In [None]:
import csv

## CSV

### Reading

In [None]:
# Read the first 10 lines of the csv file
# Note that the file is tab delimited
with open('us_zipcodes.csv', 'r') as f:
    reader = csv.reader(f, delimiter='\t')
    count = 0
    for row in reader:
        print(row)
        count +=1
        if count == 10:
            break

In [None]:
# Read the first 10 lines of the csv file
# skip the header line in the dataset
with open('us_zipcodes.csv', 'r') as f:
    reader = csv.reader(f, delimiter='\t')
    next(reader)
    # next(reader) keep repeating to skip an additional line.
    count = 0
    for row in reader:
        print(row)
        count +=1
        if count == 10:
            break

In [None]:
# Read the first 10 lines of the csv file
# Skip the header line by turning the reader into a list and starting from 1+
with open('us_zipcodes.csv', 'r') as f:
    reader = list(csv.reader(f, delimiter='\t'))
    count = 0
    for row in reader[1:]:
        print(row)
        count +=1
        if count == 10:
            break

In [None]:
# Create a dictionary per line instead
with open('us_zipcodes.csv', 'r') as f:
    reader = csv.DictReader(f, delimiter='\t')
    count = 0
    for row in reader:
        print(row)
        count +=1
        if count == 10:
            break

### Filtering data

In [None]:
with open('us_zipcodes.csv', 'r') as f:
    data = list(csv.DictReader(f, delimiter='\t'))

In [None]:
primes = []
for number in range(2, 99999):
    for factor in range(2, int(number**0.5) + 1):
        if number % factor == 0:
            break
    else:
        primes.append(number)

In [None]:
data = [row for row in data if int(row['postal code']) in primes and row['state code'] == 'AZ']
len(data)
for i in (range(10)):
    print(data[i])


### Writing

In [None]:
with open('az_prime_zipcodes.csv', 'w') as f:
    writer = csv.writer(f)
    # print a header
    header = 'postal code' + ',' + 'place name' + ',' + 'county'
    print(header, file=f)
    for row in data:
        writer.writerow([row['postal code'], row['place name'], row['county']])
        
        

In [None]:
!head az_prime_places.csv

### Homework help!

csvfilter.py 

* `-f`|`--file`: A *required* argument that is a readable file
* `-v`|`--val`: A *required* "value" to match against each record
* `-c`|`--col`: An optional "column" to search for the given value
* `-o`|`--outfile`: An optional output file name (default `'out.csv'`)
* `-d`|`--delimiter`: An optional delimiter to use to parse the file (default `','`)

In [None]:
!grep Tucson az_prime_zipcodes.csv

In [None]:
!./csvchk.py -g Tucson --limit 10 az_prime_zipcodes.csv

In [None]:
import csv
import re
import sys

infile = open('az_prime_zipcodes.csv', 'rt')
outfile = open('tucson_az_prime_zipcodes.csv', 'wt')
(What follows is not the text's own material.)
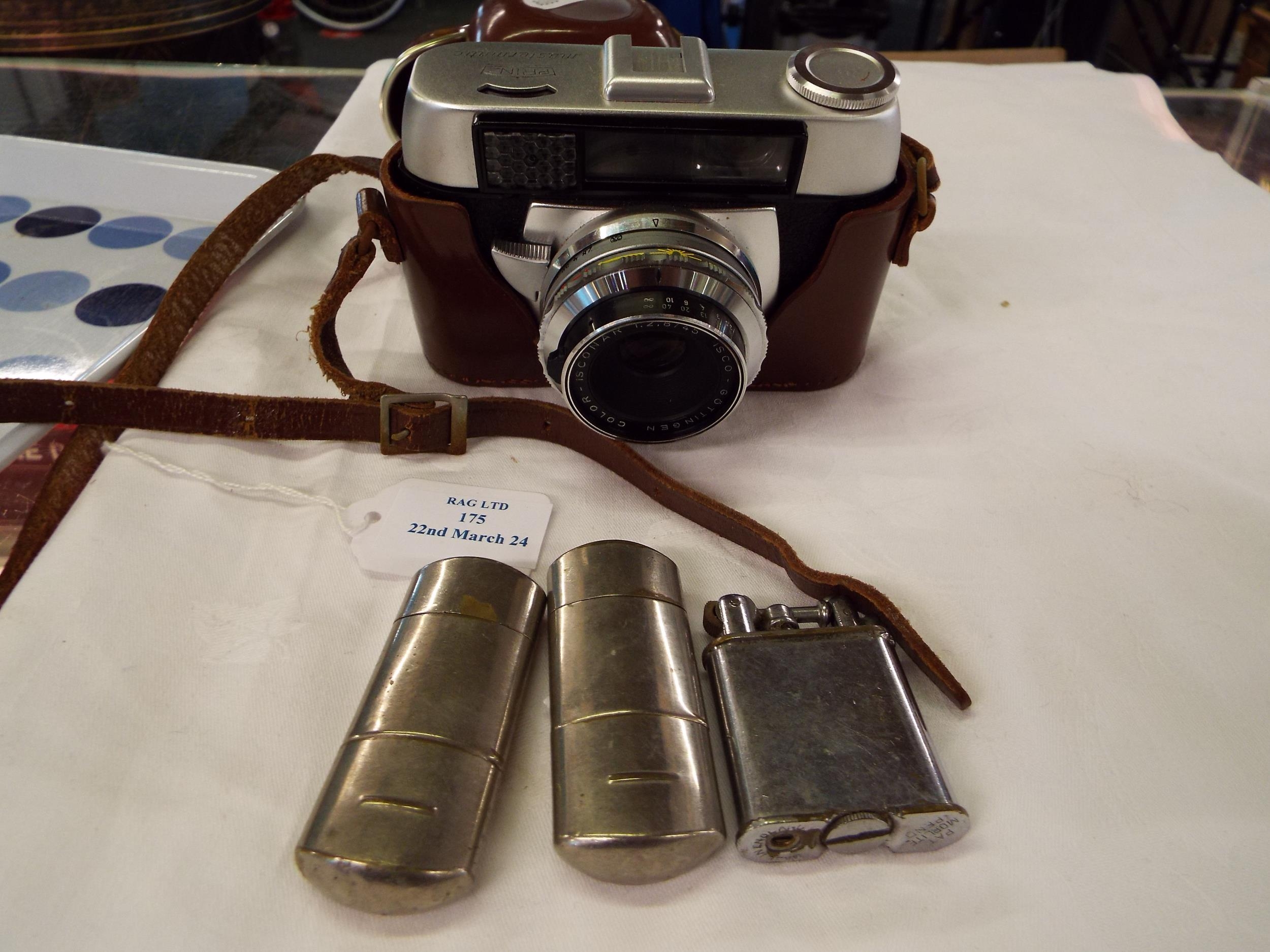 A vintage Prinz Mastermatic camera and three vintage lighters

reader = csv.DictReader(infile, delimiter=',')
search_column = 'place name'
search_for = 'Tucson'

# Check to see if the user is requesting a particular column
if search_column and search_column not in reader.fieldnames:
    print(f'Choose from {", ".join(reader.fieldnames)}')
    sys.exit(1)

# Create a "csv writer"
writer = csv.DictWriter(outfile, fieldnames=reader.fieldnames)
writer.writeheader()

for rec in reader:
    text = rec.get(search_column) if search_column else ' '.join(rec.values())

    if re.search(search_for, text, re.IGNORECASE):
        writer.writerow(rec)

In [None]:
!head tucson_az_prime_zipcodes.csv